Tuesday, July 5, AD 2016

 

 

 I have misused the king’s press damnably. I have got, in exchange of a hundred and fifty soldiers, three hundred and odd pounds. I press me none but good house-holders, yeoman’s sons; inquire me out contracted bachelors, such as had been asked twice on the banns; such a commodity of warm slaves, as had as lieve hear the devil as a drum; such as fear the report of a caliver worse than a struck fowl or a hurt wild-duck.

Falstaff, Henry IV, Part I

(This post originally ran in 2012.  The idea of National Service is being mooted again, so I am running this again.  Some bad ideas never seem to go away.)

Former Washington Post Reporter Thomas Ricks, who now works for the liberal Center for a New American Security, a think tank focusing on defense issues and which has provided several top personnel in Defense slots for the Obama administration, thinks that it is now time to bring back the Draft.  He proposes it not because he believes that the Draft would improve the military, but because he believes that it would make the nation less likely to go to war.

The drawbacks of the all-volunteer force are not military, but political and ethical. One percent of the nation has carried almost all the burden of the wars in Iraq and Afghanistan, while the rest of us essentially went shopping. When the wars turned sour, we could turn our backs.

A nation that disregards the consequences of its gravest decisions is operating in morally hazardous territory. We invaded Iraq recklessly. If we had a draft, a retired general said to me recently, we probably would not have invaded at all.

If there had been a draft in 2001, I think we still would have gone to war in Afghanistan, which was the right thing to do.
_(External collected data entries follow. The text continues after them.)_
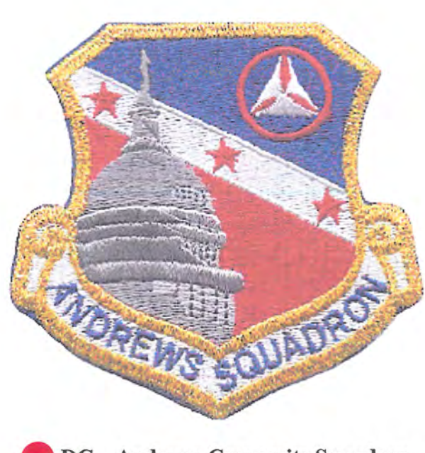
DC – Andrews Composite Squadron (DC033)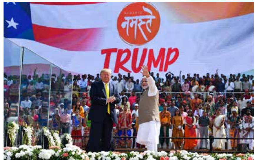
Modi with President Donald Trump at the 'Namaste Trump' rally in Ahmedabad, Feb, 24, 2020.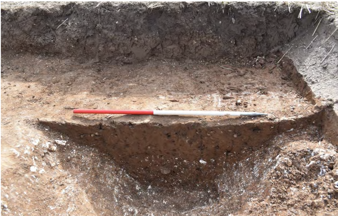
Plate 2.24: Trench 81. North facing section of ditch [8107] and recut [8105] (Group DBS3/5), looking south.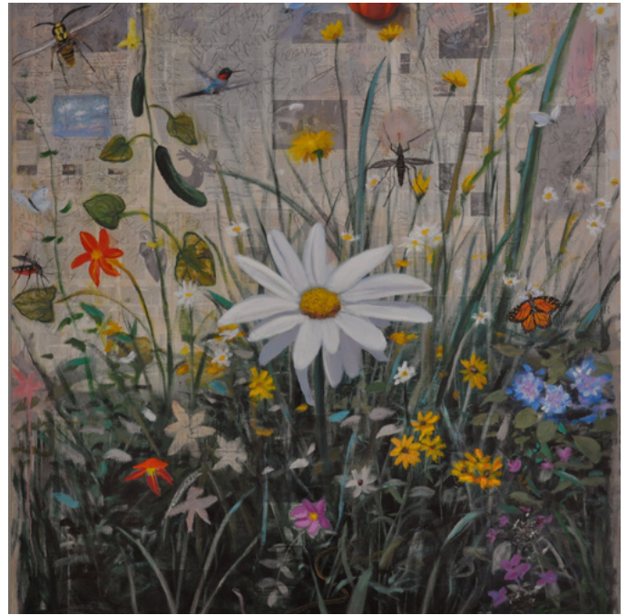
OLD NEWS: IN THE GARDEN, 2017, oil and graphite on newspaper transferred and adhered to canvas, 60 x 65 x 2 in. 152.4 x 165.1 x 5.1 cm.

Adam Straus is known for his majestic and luminous depictions of the sublime in his paintings, which are often saturated with a deep concern about social and environmental issues. His penetrating dark humor can transport the viewer to post-apocalyptic worlds and often offers a wry observation on how humans have altered the natural landscape. A monograph on his work was published by Gli Ori, Italy, in 2016, with an essay by author and critic Amei Wallach who writes that "The tradition into which Straus dared to tread ... was sorely in need of reanimation. His disruptions in the years since have unsettled received assumptions as much through dark humor and bravura painting as through offering a reassessment of what it means to paint the beauty of nature in ugly times. It is important to him that his paintings are accessible... But that is only the first, skin-deep level, and it is animated by compound subterranean layers of passionate conviction, cosmic yearning, and comedy." Work by Adam Straus is numerous museum collections including the Parrish Art Museum, Bridgehampton, NY; List Visual Center, M.I.T., Cambridge, MA; Butler Institute of American Art, Youngstown, OH; The Art Museum at F.I.U., Miami, FL; Mead Art Museum, Amherst, MA; Tufts University Art Gallery, Somerville, MA; and the William College Museum of Art, Williamstown, MA, among others. Straus lives and works in Riverhead, NY.

But I don’t think we would have stayed there much past the middle of 2002 or handled the war so negligently for years after that.

We had a draft in the 1960s, of course, and it did not stop President Lyndon Johnson from getting into a ground war in Vietnam. But the draft sure did encourage people to pay attention to the war and decide whether they were willing to support it.

I believe that Mr. Ricks is completely wrong-headed, and to understand why it is necessary to review the Draft and American history.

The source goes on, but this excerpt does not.